◆ Exercise instructions ◆
Please, without the pictures, retype exactly the lines from the start of the material through the line that holds "在2020年至2022年间五".
######
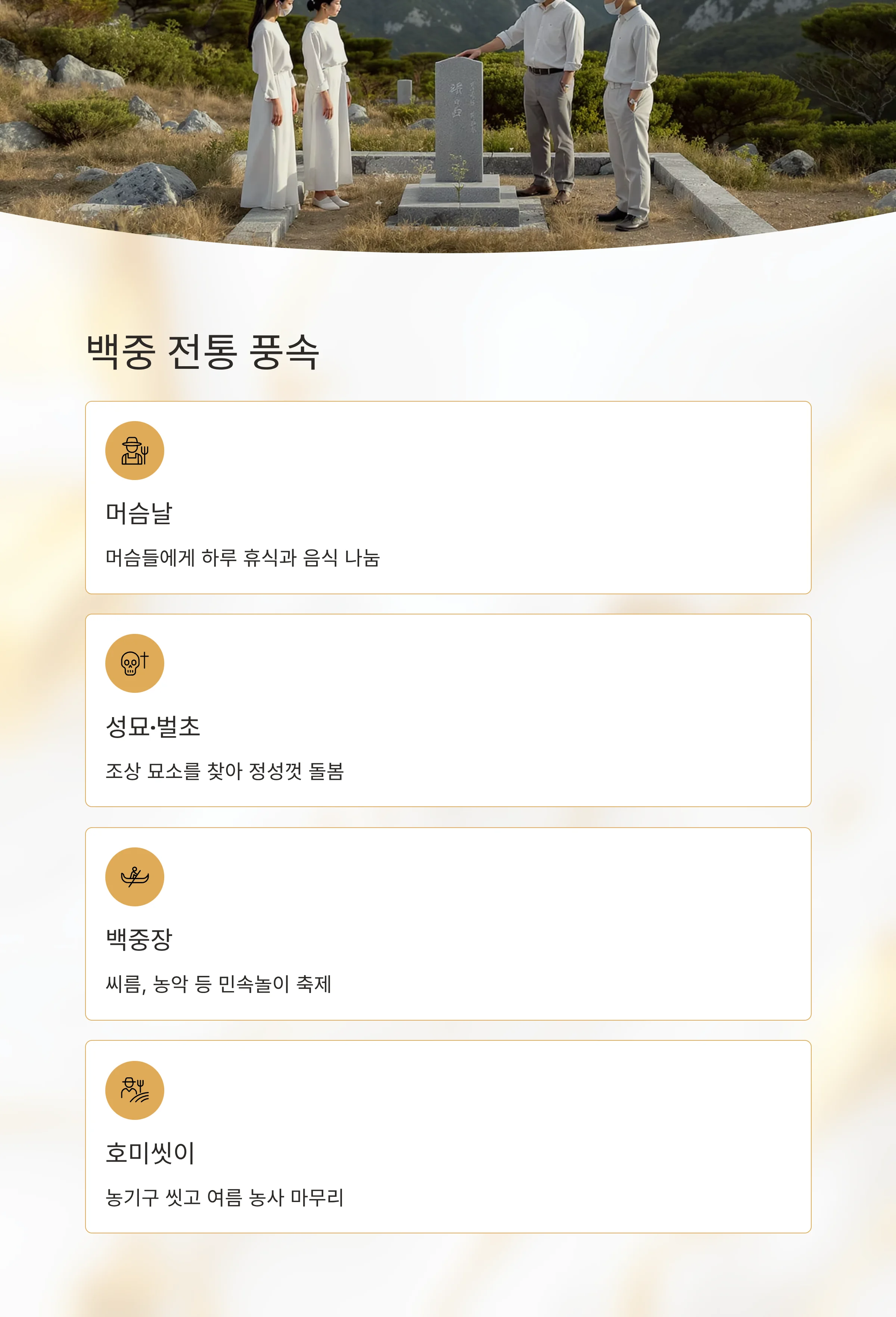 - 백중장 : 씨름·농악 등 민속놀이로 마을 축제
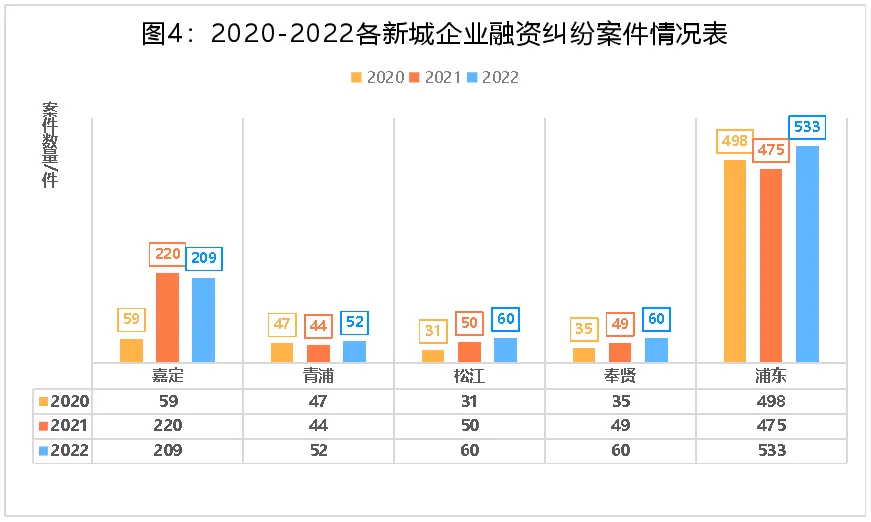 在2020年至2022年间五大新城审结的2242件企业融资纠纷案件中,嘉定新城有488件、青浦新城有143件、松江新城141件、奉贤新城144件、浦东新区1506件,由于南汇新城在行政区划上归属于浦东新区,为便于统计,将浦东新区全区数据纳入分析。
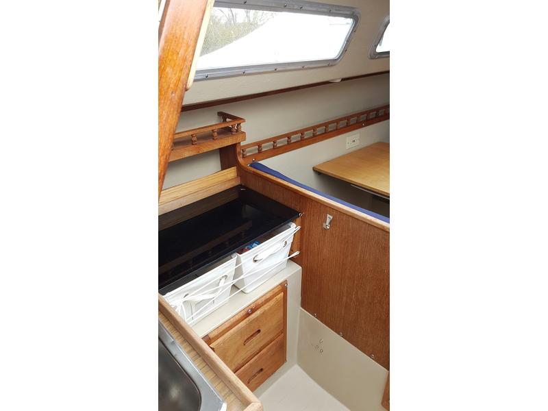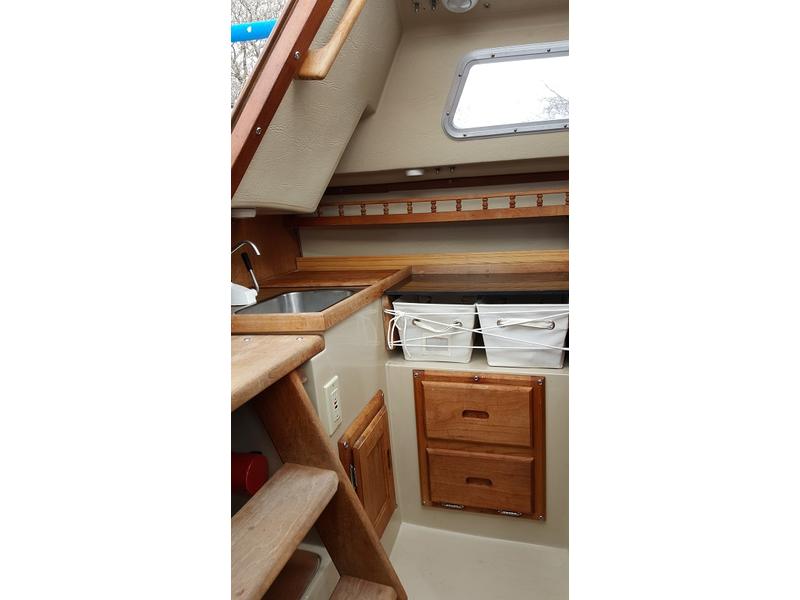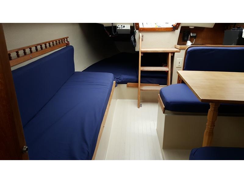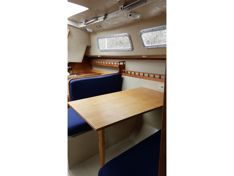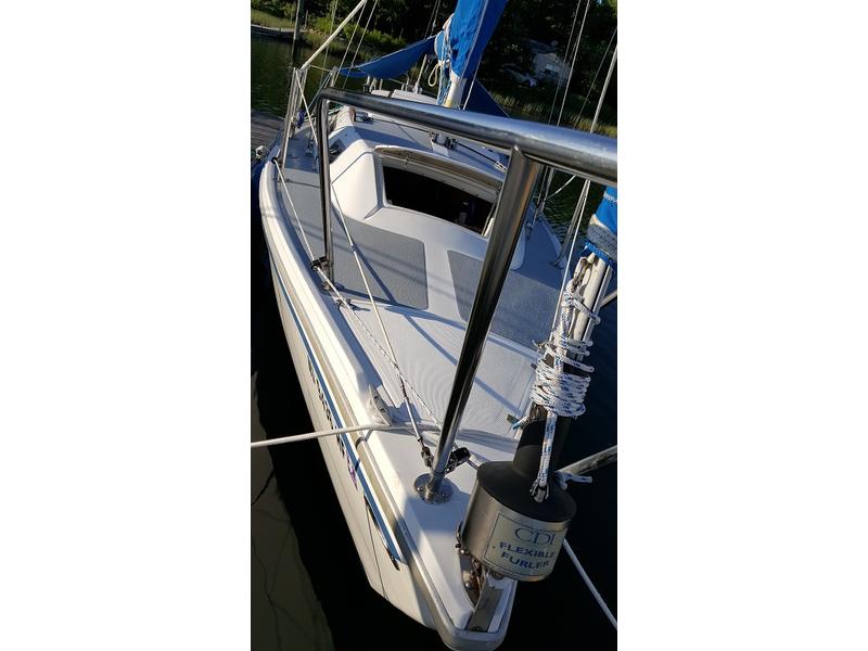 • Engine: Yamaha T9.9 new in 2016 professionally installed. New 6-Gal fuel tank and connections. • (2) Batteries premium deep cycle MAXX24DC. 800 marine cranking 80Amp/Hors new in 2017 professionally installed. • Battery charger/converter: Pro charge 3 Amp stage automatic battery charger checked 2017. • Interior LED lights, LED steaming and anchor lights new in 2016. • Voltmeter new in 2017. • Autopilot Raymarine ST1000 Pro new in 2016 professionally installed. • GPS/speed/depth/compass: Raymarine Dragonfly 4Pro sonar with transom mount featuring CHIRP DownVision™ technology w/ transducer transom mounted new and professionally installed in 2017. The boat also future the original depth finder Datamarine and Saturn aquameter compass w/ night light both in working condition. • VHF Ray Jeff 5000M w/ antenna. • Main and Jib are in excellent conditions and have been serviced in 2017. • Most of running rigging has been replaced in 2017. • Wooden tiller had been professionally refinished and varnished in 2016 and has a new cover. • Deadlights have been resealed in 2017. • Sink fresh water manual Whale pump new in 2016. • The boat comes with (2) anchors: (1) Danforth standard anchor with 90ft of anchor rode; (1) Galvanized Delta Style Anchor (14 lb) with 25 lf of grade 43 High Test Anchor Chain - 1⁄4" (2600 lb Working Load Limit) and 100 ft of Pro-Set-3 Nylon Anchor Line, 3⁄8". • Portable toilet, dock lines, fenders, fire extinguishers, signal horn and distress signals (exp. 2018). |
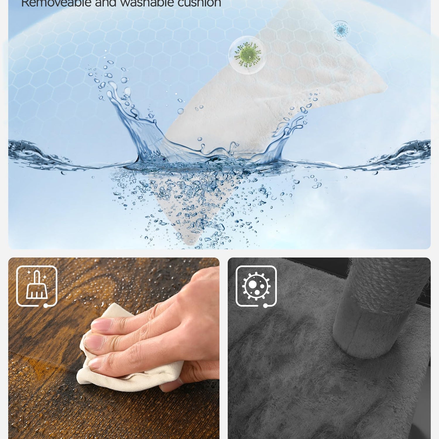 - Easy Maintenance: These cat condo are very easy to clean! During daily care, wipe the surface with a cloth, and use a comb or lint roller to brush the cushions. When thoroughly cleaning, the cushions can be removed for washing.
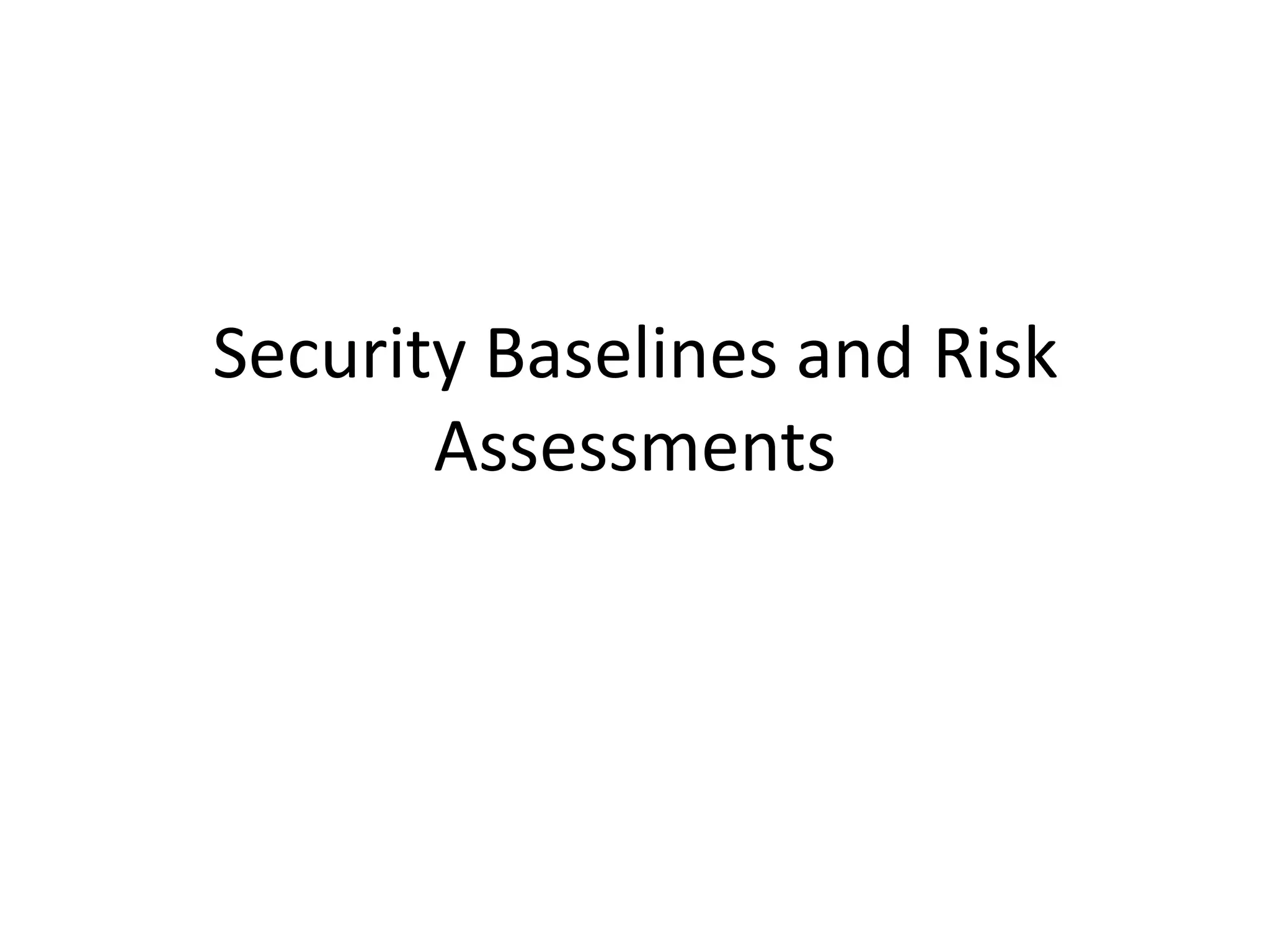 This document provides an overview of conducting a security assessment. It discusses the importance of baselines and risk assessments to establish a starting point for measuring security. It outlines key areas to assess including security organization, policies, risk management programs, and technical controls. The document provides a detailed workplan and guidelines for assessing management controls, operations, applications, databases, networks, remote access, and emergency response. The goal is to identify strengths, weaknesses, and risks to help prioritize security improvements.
######
◆ Exercise result ◆
 - 백중장 : 씨름·농악 등 민속놀이로 마을 축제
 在2020年至2022年间五大新城审结的2242件企业融资纠纷案件中,嘉定新城有488件、青浦新城有143件、松江新城141件、奉贤新城144件、浦东新区1506件,由于南汇新城在行政区划上归属于浦东新区,为便于统计,将浦东新区全区数据纳入分析。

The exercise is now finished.